Certain historical figures are worth studying for the sheer entertainment value. Near the top of that list would be Sir Thomas Urquhart, the Scottish author of the 17th century.

What can we say about Sir Thomas? He was a strange writer who did not have the most readable prose. Having said that, however, he never failed to be interesting. When it comes to Scottish literature, Urquhart stands in a field by himself.

Urquhart was born on Scotland’s Black Isle in 1611. More than 400 years after his birth, scholars remain undecided whether he was ahead of his time, crazy, or a masterful practical joker.

In 1645, Urquhart published The Trissotetras. He claimed that a student could learn a year’s worth of mathematical formulae in seven weeks by using his method. It was immediately debunked as being incomprehensible and impractical. A clue to this might have been found in the full title of the book: “The Trissotetras: or, a most exquisite table for resolving all manner of triangles, whether plaine or sphericall, rectangular or obliquangular, with greater facility, then ever hitherto hath been practised: most necessary for all such as would attaine to the exact knowledge of fortification, dyaling, navigation, surveying, architecture, the art of shadowing, taking of heights, and distances, the use of both the globes, perspective, the skill of making the maps, the theory of the planets, the calculating of their motions, and of all other astronomicall computations whatsoever. Now lately invented, and perfected, explained, commented on, and with all possible brevity, and perspicuity, in the hiddest, and most re-searched mysteries, from the very first grounds of the science it selfe, proved, and convincingly demonstrated. By Sir Thomas Urquhart of Cromartie Knight. Published for the benefit of those that are mathematically affected.”

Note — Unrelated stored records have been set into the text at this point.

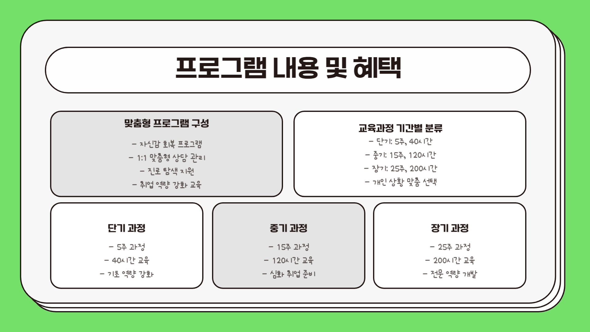| 프로그램 구성 | 맞춤형 상담, 진로탐색, 취업역량 강화 등 포함 |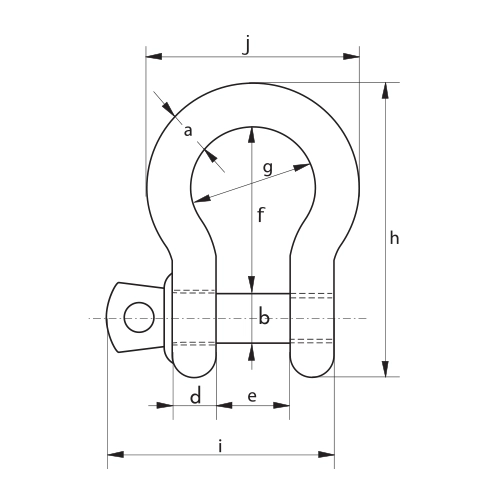 | Working Load Limit (t) | Diameter Bow a (mm) | Diameter Pin b (mm) | Diameter Eye c (mm) | With Eye d (mm) | Width Inside e (mm) | Length Inside f (mm) | Width Bow g (mm) | Length h (mm) | Length Bolt i (mm) | Width k (mm) | Weight Each (kg) |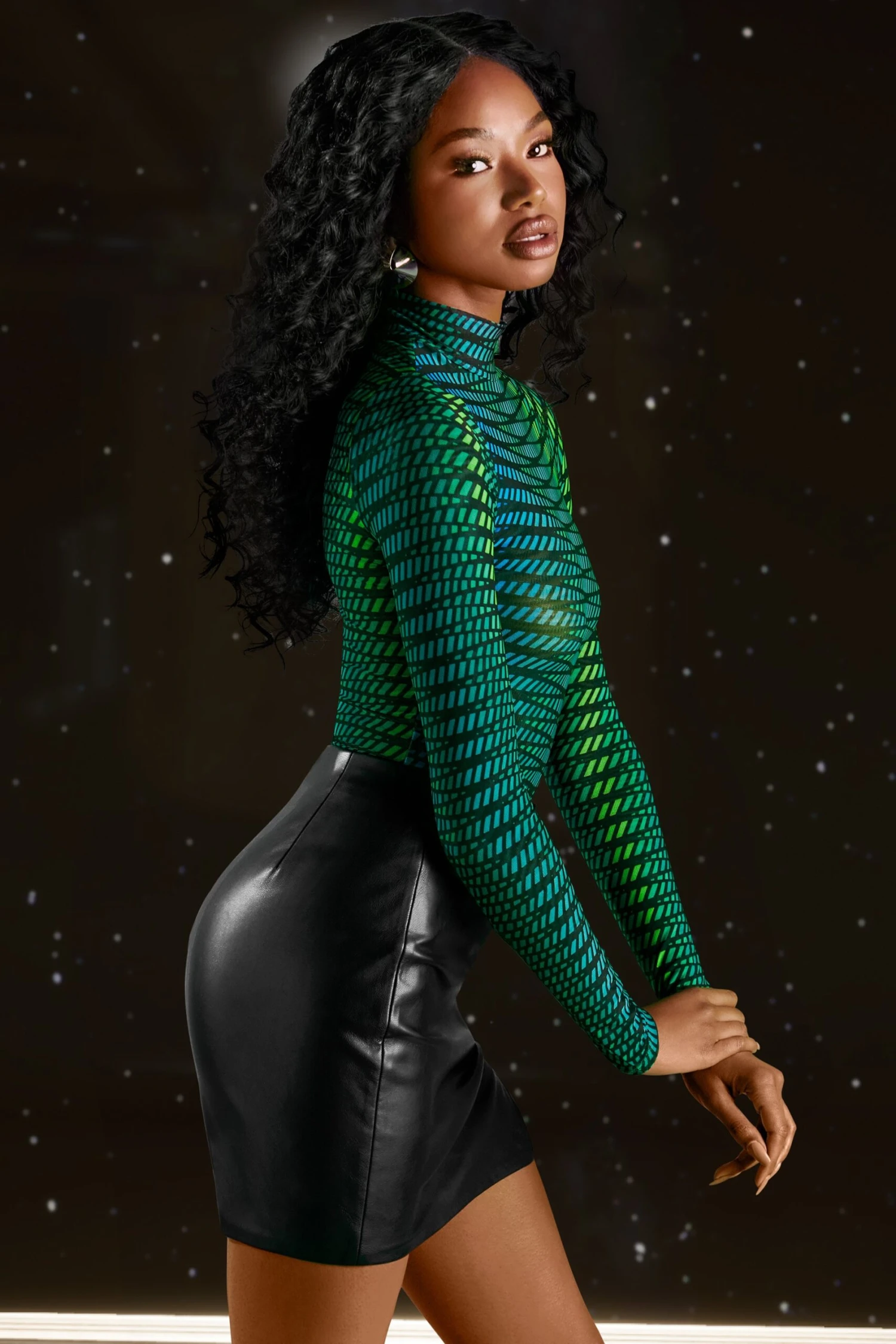 We’ve figured out the perfect bodycon fit in our high neck bodysuit. Designed in our intergalactic double mesh fabric you’ll be supported for any adventure. We’re pairing this statement all-in-one with our Aura mini skirt for the journey.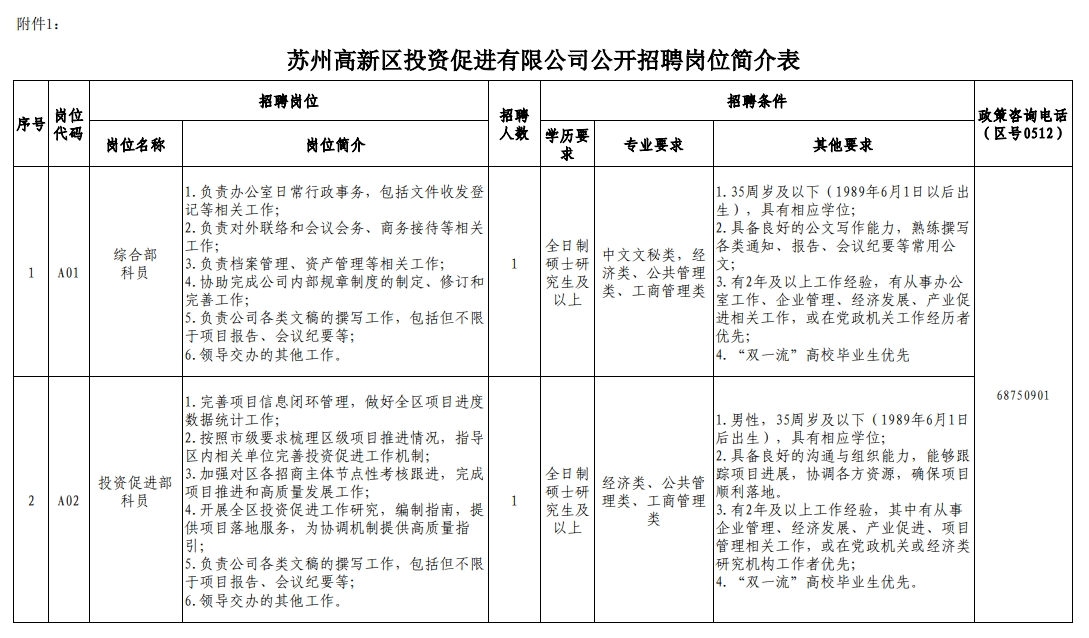 - 3人!國(guó)企!蘇州高新區(qū)投資促進(jìn)有限公司公開招聘公告

The Trissotetras title page. Click on image to expand.

If the reader was not sufficiently clued in about the book’s complexity from that mouthful of a title, a quick perusal of the author’s choice of terminology would probably be sufficient: “The directory of this second axiome is Pubkegdaxesh, which declareth that there are seven enodandas grounded on it, to wit, four rectangular, Upalem, Ubeman, Ekarul, Egalem, and three obliquangular, Danarele, Xemenorom and Shenerolem”. If you think the unusual words are a byproduct of reprinting 17th century literature, think again. Urquhart readily admitted that he made the words up. “The novelty of these words I know will seem strange to some, and to the ears of illiterate hearers sound like terms of conjuration,” he wrote.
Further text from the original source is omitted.